This year was not a good one in black reality television for anyone looking for edifying or empowering depictions of African Americans on the small screen. Though there were some uplifting shows like OWN’s 6 Little McGhees, the most popular of the genre depicted flagrant infidelity and/or petty squabbles that usually escalated into elbow- and even bottle-throwing.
The thing is, most fans of the reality television genre (like me) aren’t necessarily looking for inspirational content when setting the DVR to record Love & Hip-Hop Atlanta, Dirty Little Secrets, or Here Comes Honey Boo-Boo for that matter. It’s junk food/guilty pleasure/ratchet entertainment that guarantees a mindless laugh after a long stressful day trying to make the donuts.
But with a limited landscape of small screen programming that portrays layered black characters or authentic African-American life, can we afford ratchet entertainment? The answer was a resounding “no,” at least among my Facebook friends, when Oxygen released news that rapper Carlos “Shawty Lo” Walker is set to star in upcoming reality series All My Babies Mamas.
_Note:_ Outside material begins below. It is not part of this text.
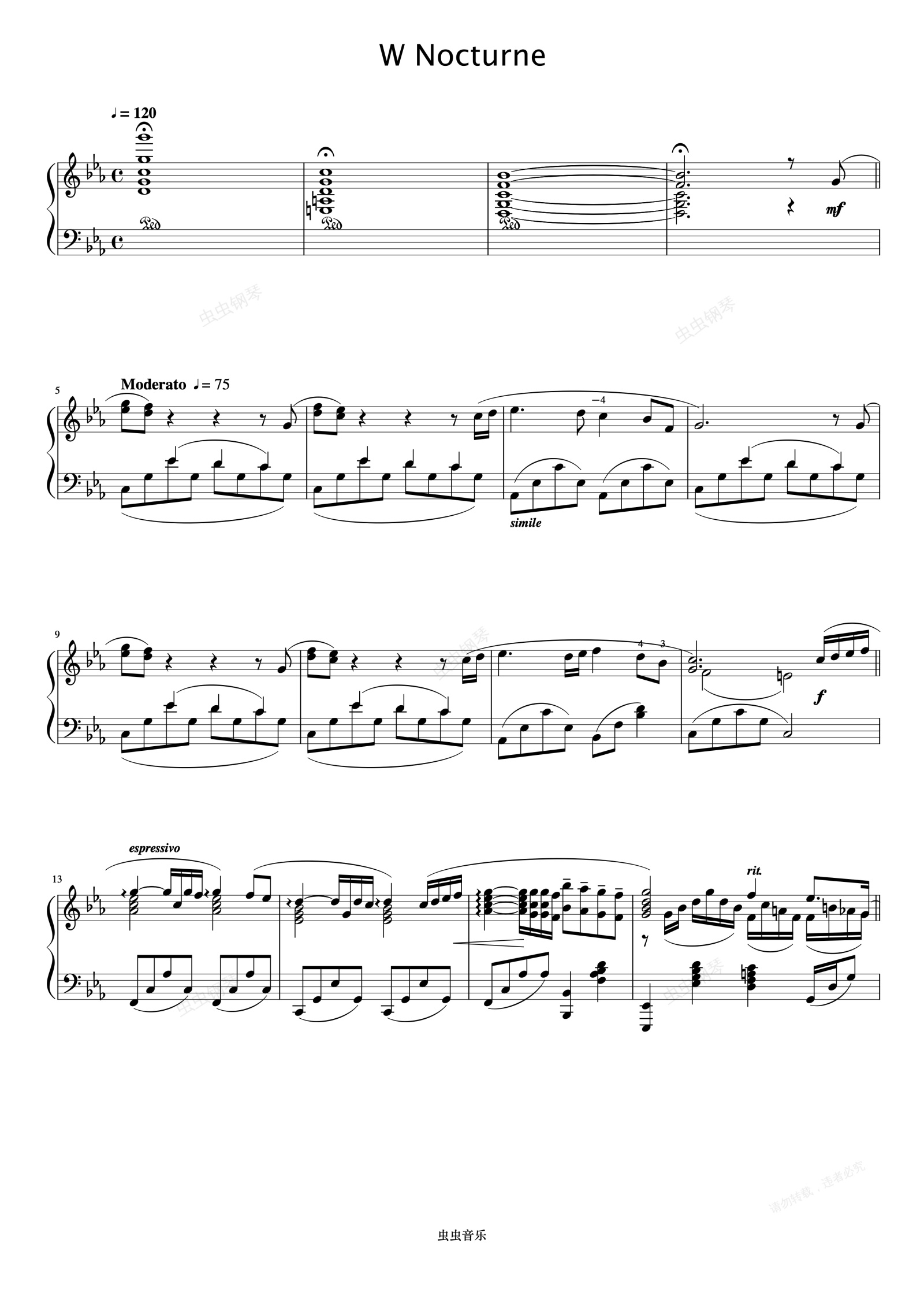 钢琴谱:W Nocturne《久石让钢琴作品精选集》

According to blogged reports, and the video that surfaced online, the show will document the rapper and his relationship with the 10 women he fathered 11 children with. In a press release, Oxygen’s SVP of development, Cori Abraham, said of the show, “All My Babies’ Mamas will be filled with outrageous and authentic over-the-top moments that our young, diverse female audience can tweet and gossip about.”
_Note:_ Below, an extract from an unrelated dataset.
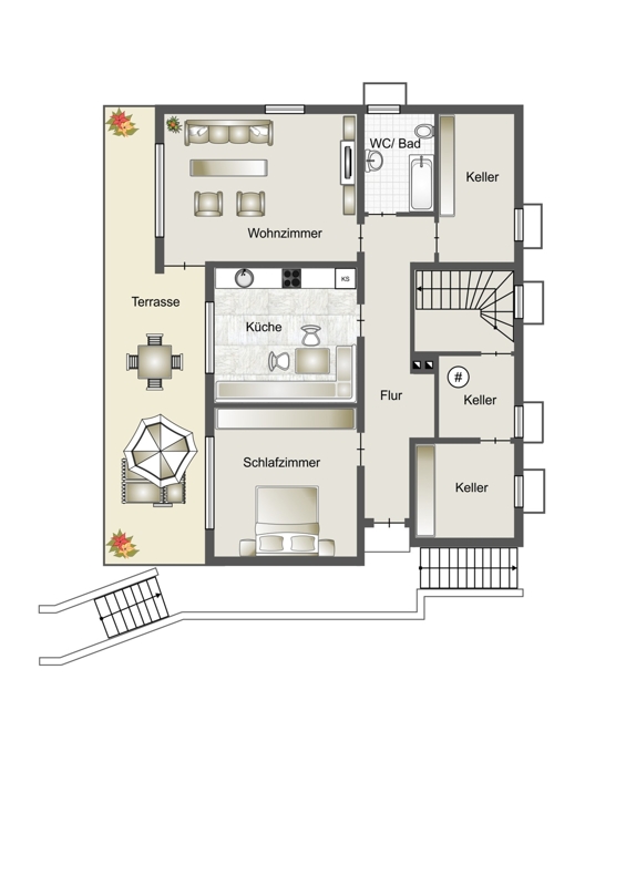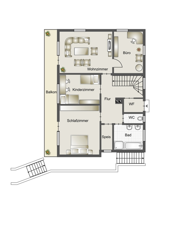 Für erholsame Stunden im Freien stehen ein Balkon in Hausbreite sowie eine großzügige, teils überdachte Terrasse zur Verfügung.

“It’s our fault for watching these shows,” was pretty much the consensus of a few FB friends — “our” being the legions that made the controversial Basketball Wives and Love & Hip-Hop franchises runaway successes.
But is it our fault?
African-American households represent five to 15 percent of the viewing audience of the top-rated reality shows. Clearly, we are not the only ones watching.
Additionally, according to Target Market News, Scandal, 60 Minutes, and Person of Interest were among the top-watched network shows in black households during the week of November 27th — along with cable hits T.I. & Tiny the Family Hustle, Basketball Wives LA, and Chrissy & Mr. Jones. Yes, reality shows are cheaper to produce, but why aren’t television production companies also racing to create more shows with black female lead characters a la Kerry Washington’s Olivia Pope on Scandal or Taraji P. Henson’s Detective Joss Carter on Person of Interest?
As long as African Americans remain underrepresented in the positions that greenlight shows, we will continue to be at the mercy of what the networks and cable channels decide to put out. It is perhaps no accident that Oprah’s OWN released wholesome family reality show 6 Little McGhees.
But the fact remains, if there were more of us helming studios and production companies, we still wouldn’t agree on what the right representation of blackness is. (See critiques on Tyler Perry, Lee Daniels, The Cosby Show.)
After centuries of being stereotyped, misunderstood, and maligned in American culture, we are rightly vigilant about how we are depicted and how others see us. But will there ever be a time when we can enjoy ratchet alongside wholesome black entertainment? Should there be such a time?